6. The BIG advantage of this solution is that you'll let SQL Server Engine handle the parallelism during execution, while you can still use the approach based on IDENTITY(@MAX_ROW_ID+1,1) to have consistent identity values.
7. The BIG disadvantage will be that you'll have to transform your code into Dynamic SQL in order to have a list of scalar values for the Partitioning field, which will allow SQL Server Engine to pre-determine the partitions to query. This approach will not only affect code readability and complicate debugging, but can also slow down performance since the Execution Plan for a Dynamic SQL cannot be saved together with the stored procedure execution plan, and therefore is generated each time the procedure is launched
i. But if you really really need to call the procedure in parallel, for different partitions, then you'll really have a tough nut to crack.
j. PRC_CLONE_CONSTRAINTS_INDEXES - Surprisingly, does exactly what it says, meaning it will create all the necessary constraints and indexes.
k. PRC_TRUNCATE_PARTITION - Used to create the OLD table, with all necessary constraints and indexes, and to perform the SWITCH OUT operation
l. PRC_REFRESH_PARTITION - Used to perform the SWITCH IN from the TMP to the FINAL table
m. PRC_UPDATE_PARTITION_RANGE - Assuming you already have a procedure which encapsulates the logic for a given Business Module (ex. PRC_SALES), which receives as a parameter the Partitioning Criteria (ex. MonthId), you might be interested to refresh the SALES table for a given range of partitions or for all of them.
i. If you don't intend to manually call your equivalent of the PRC_SALES procedure up to 1000 times, the maximum number of allowed partitions in the default configuration, then building such a procedure can prove quite handy.

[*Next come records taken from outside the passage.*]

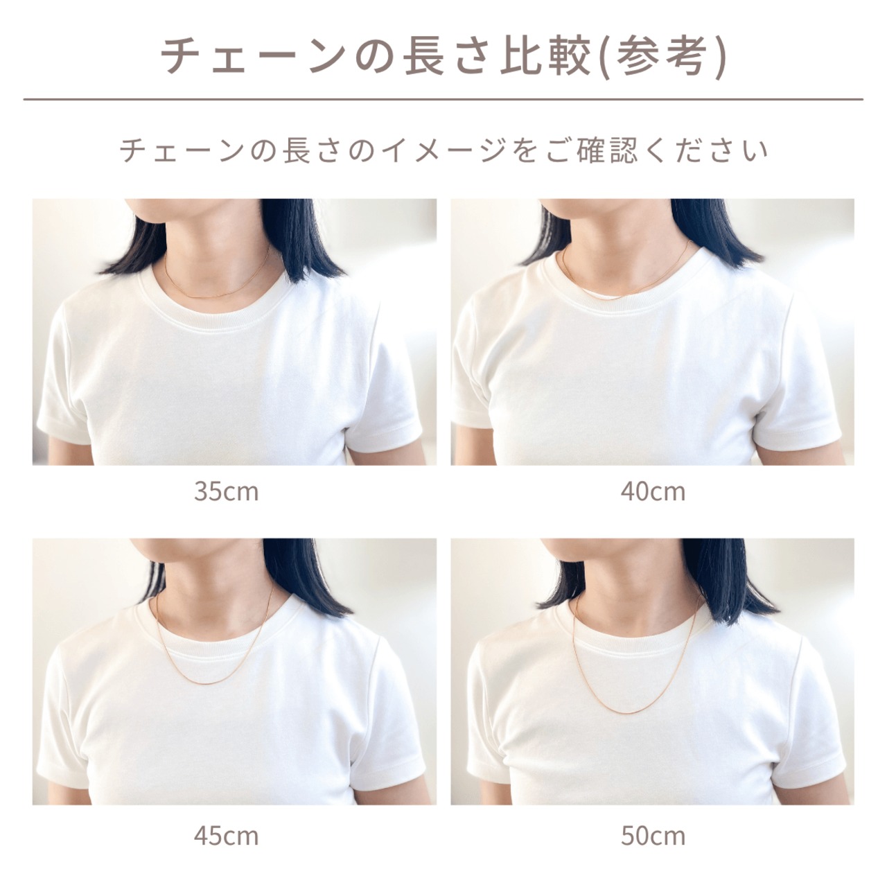 首に沿う長さ~チェーンの長さまで自由に調整可能になります。
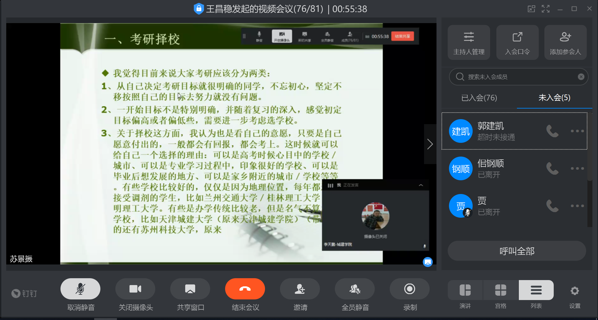 2020年6月17日上午9:00-10:30,我院给排水科学与工程专业采用钉钉视频会议的形式组织召开了2017级考研动员会(既经验交流会)。给排水科学与工程专业全体教师、2017级全体同学及2018、2019级部分同学参加此次视频会议。
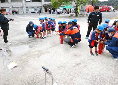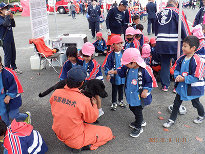 第2部は「防火フェスティバル」と称し、消防体験(放水体験や水消火器体験、地震体験、煙体験)、ミニ消防車・ミニ救急車に乗車や災害救助犬とのふれあいをとおし、火遊びによる火災の防止と消防とのふれあいにより防火防災について学びました。

As I’ve said, there are a lot of things to like and dislike about Table Partitioning. One of the things i like the most is that, in combination with a Physical data mart Layer, it offers you the possibility of keeping a consistent set of data accessible to the users, while refreshing the data behind it. Just imagine the following scenario:
· You have something like 10 FACT table in the Data Mart, each one refreshed by its own Stored Procedure
· You could modify Partitioning Mechanism procedures in order to perform the SWITCH IN operation into the final table, not at the end of each Business Module Stored Procedures, but only when all Stored Procedures finish. In this way, you can commit all the changes in a single transaction, and make sure the data is consistent
Another big advantage of using table partitioning is the improved Error Handling. Since all heavy processing is performed on a TMP table, to which the users don't have access, if you encounter any error during this phase, you will just not switch in the partition from the TMP to the final table. In this way, you will always have the latest valid data into the final table, without the usage of costly transactions.
Is this cool or what?
And now, back to you. How much have you used table partitioning until now? How much difficult you consider it's implementing such a mechanism within you company Data Warehouse? Is it worth the effort? How would you approach the Identity Column problem during parallel execution?